**Data to examine**
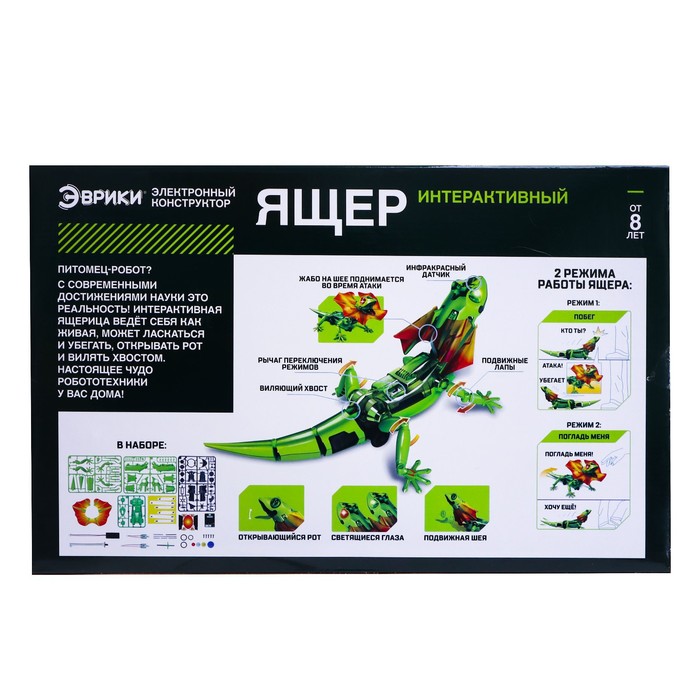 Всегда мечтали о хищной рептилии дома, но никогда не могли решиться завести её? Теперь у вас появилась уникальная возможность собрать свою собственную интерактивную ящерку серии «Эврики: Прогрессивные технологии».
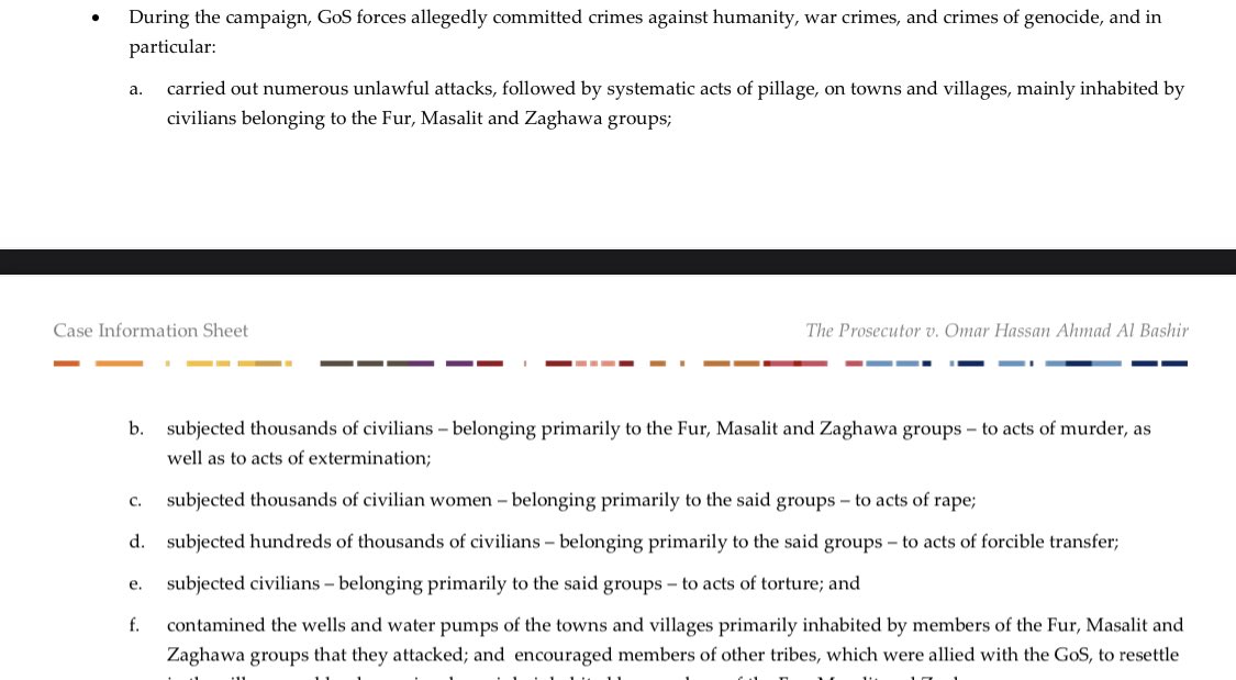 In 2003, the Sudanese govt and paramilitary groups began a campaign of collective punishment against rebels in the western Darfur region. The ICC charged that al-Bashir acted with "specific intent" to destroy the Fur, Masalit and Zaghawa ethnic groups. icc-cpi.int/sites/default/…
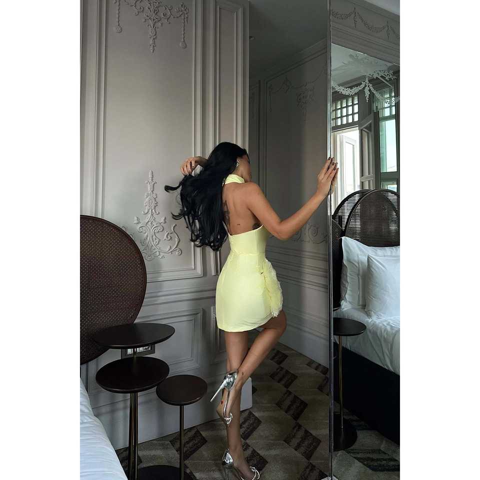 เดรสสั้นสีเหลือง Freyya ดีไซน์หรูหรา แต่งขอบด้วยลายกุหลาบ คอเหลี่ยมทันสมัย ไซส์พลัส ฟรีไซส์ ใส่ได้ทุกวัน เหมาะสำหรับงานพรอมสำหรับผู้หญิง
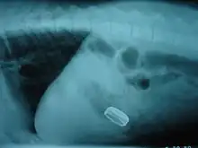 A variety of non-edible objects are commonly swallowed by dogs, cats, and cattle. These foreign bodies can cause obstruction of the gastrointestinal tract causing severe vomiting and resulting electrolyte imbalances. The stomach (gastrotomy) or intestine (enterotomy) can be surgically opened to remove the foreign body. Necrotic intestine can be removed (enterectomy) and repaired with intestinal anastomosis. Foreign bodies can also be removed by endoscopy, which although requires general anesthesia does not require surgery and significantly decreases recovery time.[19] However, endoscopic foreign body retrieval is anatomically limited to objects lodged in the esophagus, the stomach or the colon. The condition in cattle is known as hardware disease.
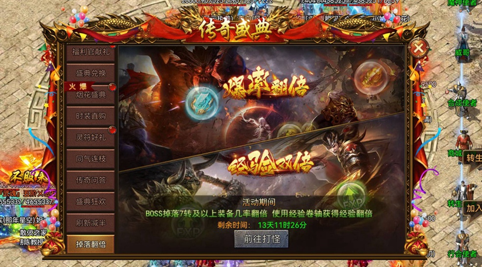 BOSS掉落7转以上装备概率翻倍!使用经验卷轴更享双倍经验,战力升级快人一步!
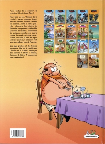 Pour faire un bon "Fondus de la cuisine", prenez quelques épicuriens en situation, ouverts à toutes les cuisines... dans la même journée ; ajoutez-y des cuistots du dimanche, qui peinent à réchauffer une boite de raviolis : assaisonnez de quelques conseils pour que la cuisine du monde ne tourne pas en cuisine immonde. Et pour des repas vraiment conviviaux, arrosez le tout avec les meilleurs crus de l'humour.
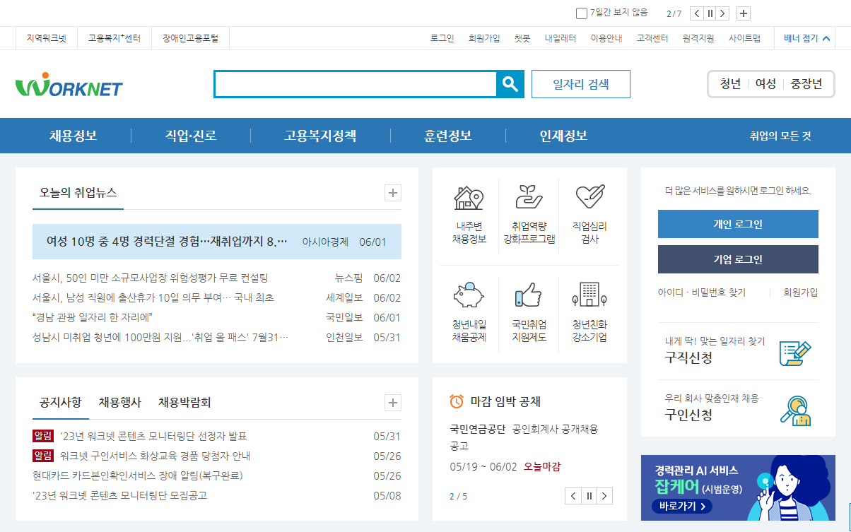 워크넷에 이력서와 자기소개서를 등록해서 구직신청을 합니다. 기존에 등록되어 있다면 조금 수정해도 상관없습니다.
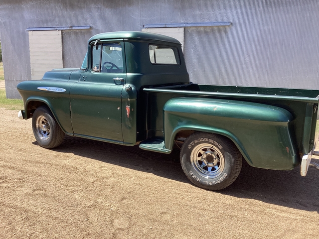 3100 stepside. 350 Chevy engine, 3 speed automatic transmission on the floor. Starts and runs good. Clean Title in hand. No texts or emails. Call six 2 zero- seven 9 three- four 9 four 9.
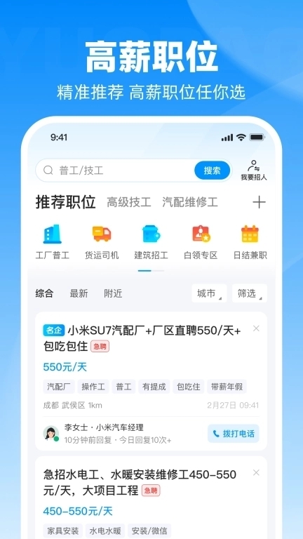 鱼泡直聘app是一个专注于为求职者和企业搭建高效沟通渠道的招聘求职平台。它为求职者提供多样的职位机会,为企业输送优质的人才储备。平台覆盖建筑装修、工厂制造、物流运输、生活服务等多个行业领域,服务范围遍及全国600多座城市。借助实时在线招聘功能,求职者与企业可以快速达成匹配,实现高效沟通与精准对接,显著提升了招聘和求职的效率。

**Exercise instructions**
What is needed is a verbatim copy of the lines from the line with "Pour faire un" through the last line of the listing, pictures excluded.

**Response**
 Pour faire un bon "Fondus de la cuisine", prenez quelques épicuriens en situation, ouverts à toutes les cuisines... dans la même journée ; ajoutez-y des cuistots du dimanche, qui peinent à réchauffer une boite de raviolis : assaisonnez de quelques conseils pour que la cuisine du monde ne tourne pas en cuisine immonde. Et pour des repas vraiment conviviaux, arrosez le tout avec les meilleurs crus de l'humour.
 워크넷에 이력서와 자기소개서를 등록해서 구직신청을 합니다. 기존에 등록되어 있다면 조금 수정해도 상관없습니다.
 3100 stepside. 350 Chevy engine, 3 speed automatic transmission on the floor. Starts and runs good. Clean Title in hand. No texts or emails. Call six 2 zero- seven 9 three- four 9 four 9.
 鱼泡直聘app是一个专注于为求职者和企业搭建高效沟通渠道的招聘求职平台。它为求职者提供多样的职位机会,为企业输送优质的人才储备。平台覆盖建筑装修、工厂制造、物流运输、生活服务等多个行业领域,服务范围遍及全国600多座城市。借助实时在线招聘功能,求职者与企业可以快速达成匹配,实现高效沟通与精准对接,显著提升了招聘和求职的效率。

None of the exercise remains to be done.